Mr So is expected to return to work today but Whisky, a Norfolk terrier, was last night lying alone in a cell at the Victoria Road Kennels, where he will spend the next seven days under observation.


The three-year-old terrier must show he is not rabid or dangerous under the terms of the Dogs and Cats Regulations if he is to be released by department vets. It is unlikely he will face the death penalty, which can be ordered in extreme cases.


Whisky was caught and tethered following an investigation co-ordinated by the Governor's aide-de-camp, Mike Ellis, that established that Whisky was seen scampering from the basement shortly after 11 am.


Soda, the Patten's other dog, had been sleeping upstairs all morning.


As Mr So was treated, Chief Inspector Ellis organised for Chris and Lavender Patten to be told in London while formally informing the Government House police himself in accordance with regulations.
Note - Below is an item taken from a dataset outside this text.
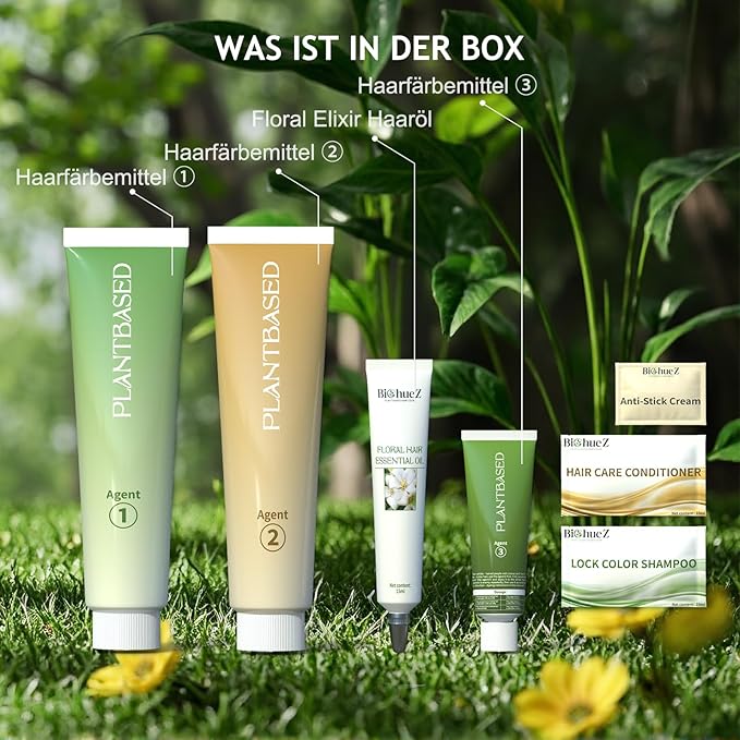 - SALON-INFUSED PERMANENT COLOR + CARE SYSTEM: Plant-serum powered at-home kit crafted by color chemists and stylists. Permanent hair dye in 20 minutes. KIT INCLUDES Radiant Cream Color, Floral Hair Essential Oil, Lock Color Shampoo, Hair Care Conditioner, Gloves, Shoulder Wrap, Ear Muffs, Hair Cover, Dyeing Comb.

Staff calmed Whisky, sporting a new trim for summer, and tethered him for removal by staff in a Government House van, escorted by two uniformed police officers. House rations of canned dog food and biscuits were also included.


A Government House statement last night confirmed the incident and said Mr and Mrs Patten had been informed in London. Daughter Alice is still in Hong Kong but responsibility for Whisky had been handed to a young house steward.


''They have passed on a message to the workman expressing their regret about the incident and their best wishes for a speedy recovery,'' it said.


Soda hit international headlines following a four-day disappearance shortly after the Pattens' arrival in 1992.